Galla doesn’t like the idea of saying no to dessert because she’s on a diet. That approach won’t work. She loves food too much.

“I don’t like restrictions. For me, that makes me want it more,” Galla says. “If I know it’s doing something beneficial, then it helps me. I don’t feel like I’m depriving myself, and I’m getting all these nutritional benefits.”

Galla keeps a jar of ground seeds—pumpkin, sesame, sunflower, chia, or flax—to throw into her baked goods or oatmeal to amp up the nutrition.

She swaps out some fruit for vegetables, like beets, which are sweet when roasted anyway. She uses avocado and coconut oil instead of canola or vegetable oil. She also reduces the sugar and looks for ways to use more natural sugars from fruit or maple syrup, which have the benefit of extra vitamins and minerals.

Upping the fiber is always a good idea with sweets because it makes you feel fuller and keeps your blood sugar levels stable, preventing a crash and those quick cravings that return afterward.

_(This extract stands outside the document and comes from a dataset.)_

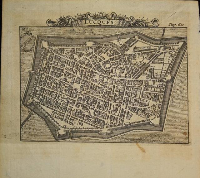 Prima edizione. Incisione su rame originale di Joseph Mulder in formato cm.15x12 alla battuta. > Ricci, "La rappresentazione cartografica del territorio e l'iconografia urbana della città di Lucca nelle stampe dal XV al XIX secolo", 19, "Riproposizione della rappresentazione del Merian . alla quale in questo caso sono aggiunti alcuni motivi decorativi,si veda lo stemma della repubblica con motto, il cartiglio a volute con l'inserimento del nome .". Codice libreria 162264.

“It’s all about balance,” Galla says.

These are some of our (and Galla’s) favorite ingredient swaps in desserts.

The percentage refers to how much cacao is in the chocolate bar. Cacao’s iron, magnesium, and calcium nutrients are why chocolate can be good for you. The lower the percentage, the higher the amount of sugar. And don’t use white chocolate if you can help it. White chocolate is just chocolate with all the antioxidant benefits removed and all the negatives remaining. You can also do cacao nibs instead of chocolate chips.

If you want to avoid eggs, you can still have the cloud-like fluffiness they provide, thanks to bean liquid, also known as aquafaba. Bush’s Beans gave us a recipe for a simple meringue, which is basically whipping 2 cups whipped garbanzo (that other name for chickpeas) bean liquid with 1/3 cup of powdered sugar, ½ teaspoon of cinnamon, and 1/8 teaspoon of vanilla extract. Use the meringue as you would normally in any meringue dessert, or just top a spice cake with it.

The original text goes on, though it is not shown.